Watership downtime: BadRabbit encrypts Russian media, Ukraine transport hub PCs
Updated Computers at Russian media outlets and Ukraine’s transport hubs were among Windows PCs infected and shut down today by another fast-spreading strain of ransomware.
Corporate systems within Interfax and two other major Russian news publishers have had their files encrypted and held to ransom by malware dubbed BadRabbit. In Ukraine, Odessa airport, the Kiev metro, and the Ministry of Infrastructure were also hit by the extortionware, which demands Bitcoins to restore scrambled documents.
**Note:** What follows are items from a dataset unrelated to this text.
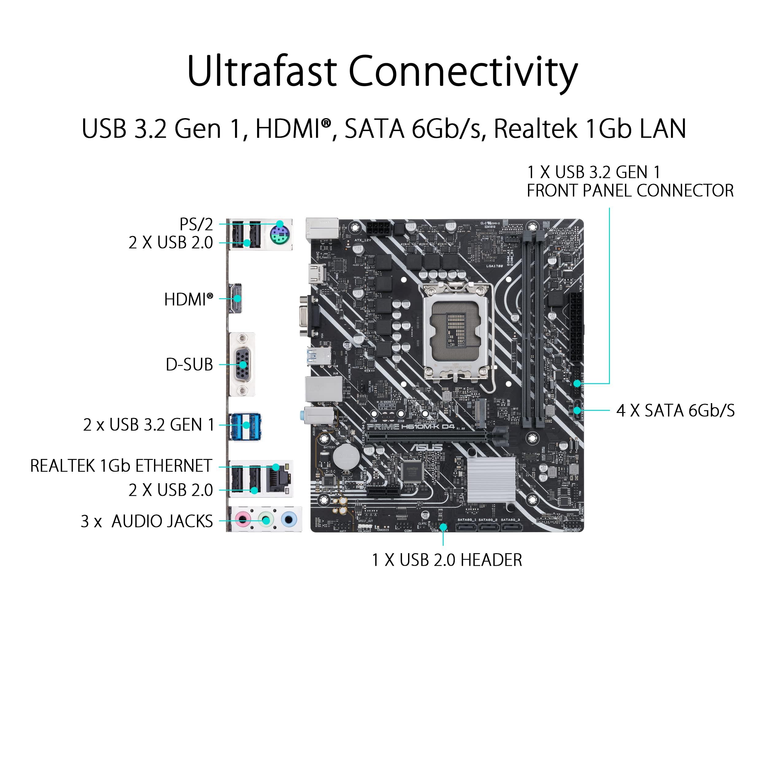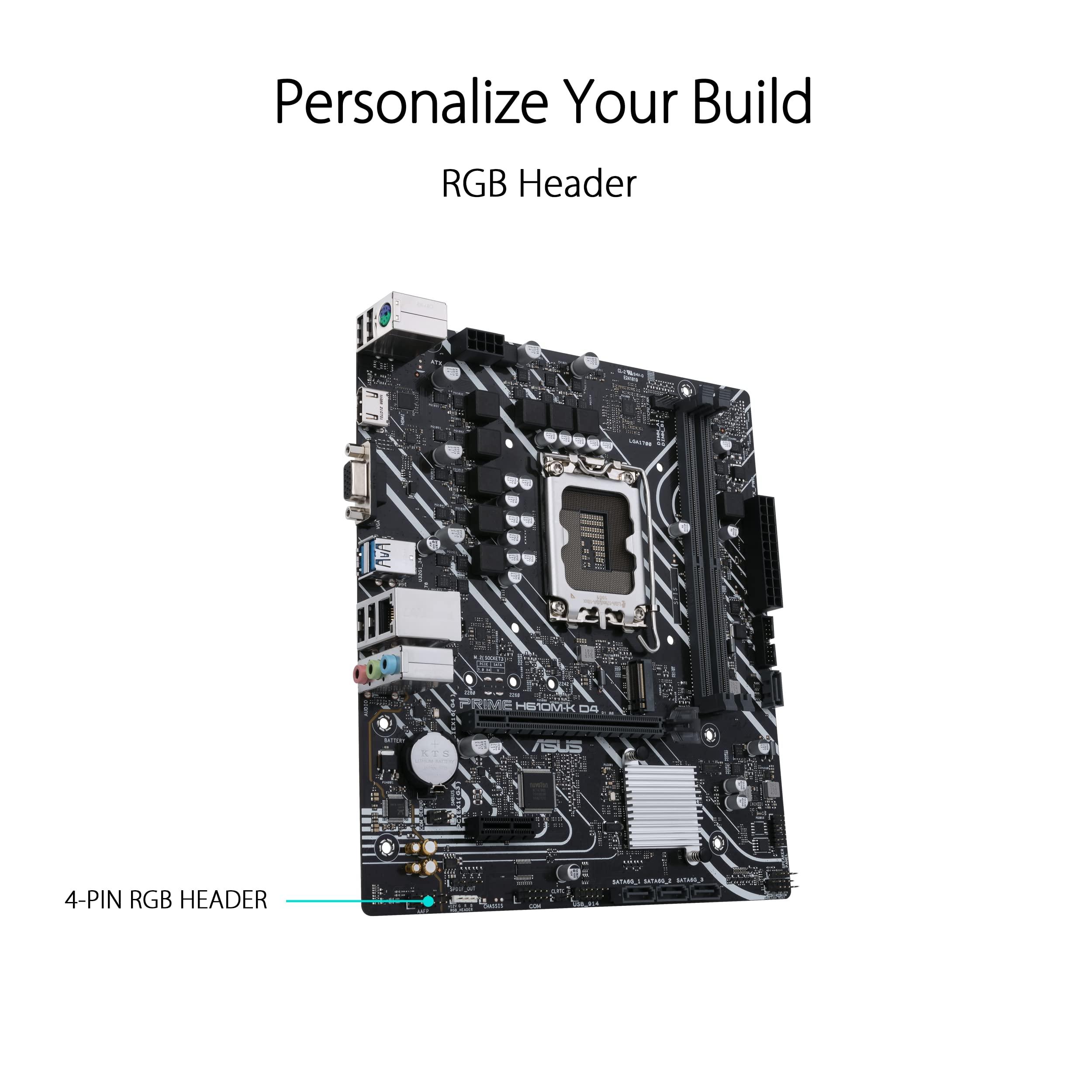 ASUS PRIME H610M-K D4 Scheda Madre MATX, Intel H610, LGA1700, DDR4, PCI 4.0, Realtek 1Gb Ethernet, Realtek 7.1 Surround, 1xM.2, 4xSATA 6GB/s, USB 3.2 Gen 1, Armoury Crate, Nero
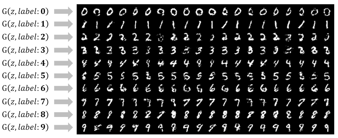 위 이미지에서 볼 수 있듯이 MNIST 데이터로 한 실험에서 label이란 조건이 주어지면 label에 맞는 이미지를 생성하는 것을 볼 수 있다.
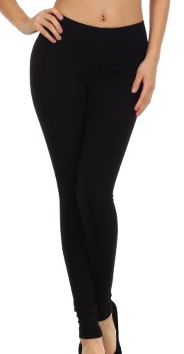 Sakkas I0435 Leggings Elasticizzati Senza Piedi in Misto Cotone Tinta Unita - Made in USA - Nero Tinta Unita - M
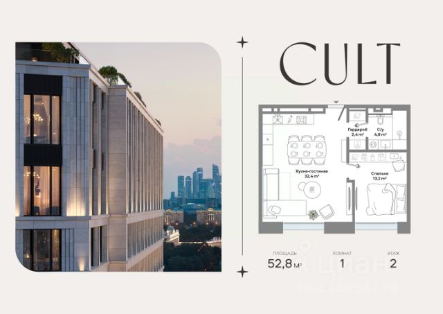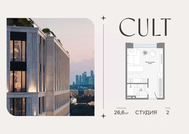 Продается Студия площадью 27 кв.м. на 2-м этаже 9-этажного Клубного дома CULT. Высота потолков 3,2 м. Клубный дом CULT на Якиманке, где открывается редкая панорама на башни Кремля и главную высотную доминанту современной Москвы — небоскрёбы Сити, сталинские высотки и Храм Христа Спасителя, живописные парки и водную гладь реки. Элегантный внешний вид проекта — результат профессиональной работы международного архитектурного бюро СПИЧ. Быть его резидентом — значит выбирать совершенство. Клубный дом CULT в списке лучших элитных проектов Москвы по версии Forbes, Robb Report, Urban Awards и премии "Рекорды рынка недвижимости" Продается квартира с евроремонтом рядом с метро Парк Культуры.
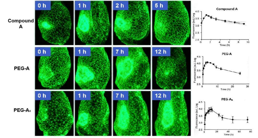 Fig. 2 Retention of compound A and PEG-A nanocarriers in the mammary glands of tumor-bearing rats. Each data point represents the mean ± standard deviation (n = 3). (Source: Alfa Cytology)

BadRabbit may also have spread to Turkey, Bulgaria and beyond, and is a variant of Diskcoder, according to researchers at ESET.
“Interfax Group’s servers have come under a hacker attack. The technical department is taking all measures to resume news services. We apologize for inconvenience,” Interfax said in a statement.
The software nasty falsely poses as an Adobe Flash update to trick victims into installing it. The evil code then uses the legit open-source Mimikatz tool to extract file server login credentials out of the computer’s memory – as used by the NotPetya ransomware in June – and uses those details, along with some hardcoded password guesses, to worm its way through SMB shares on the network.
It also, in some cases, causes network intrusion detection systems to trigger EternalBlue alerts while it scans for services to infect, suggesting it may be leveraging the leaked NSA hacking tool EternalBlue to infect and commandeer machines, just like the WannaCry malware in May.
The BadRabbit name comes from the message displayed in a browser window from a .onion Tor-hidden server on infected PCs that gives users the bad news that their files have been encrypted and they need to cough up crypto-coins to unlock their data. It was first spotted by researchers at Moscow-based infosec biz Group-IB.
Pwned … How the ransom note appears on infected machines in a webpage from a .onion address (Source: Kaspersky Lab)
Russian computer forensics and incident response firm Group-IB, which was among the first to report on the outbreak, said the miscreants behind the outbreak were requesting 0.05 BTC ($286, £217) for decryption. This price will keep going up the longer a victim delays paying the ransom.
BadRabbit uses a legit program called DiskCryptor to cipher data on a victim’s hard drive, according to UK security consultant Kevin Beaumont.
Analysis work is still ongoing. BadRabbit encrypts all kinds of files on the drive from .7z archives to .java source code to .docx documents. There’s a list of indicators here for you to check to ascertain whether or not you or your network has been infected – for example, network connections to caforssztxqzf2nm.onion, or downloads from…
hxxp://1dnscontrol.com/flash_install.php hxxp://1dnscontrol.com/install_flash_player.exe
…are pretty big signs of infiltration.
It is believed at this stage BadRabbit wipes system logs and the filesystem journal, and connects to a command-and-control server after infection to coordinate its extortion.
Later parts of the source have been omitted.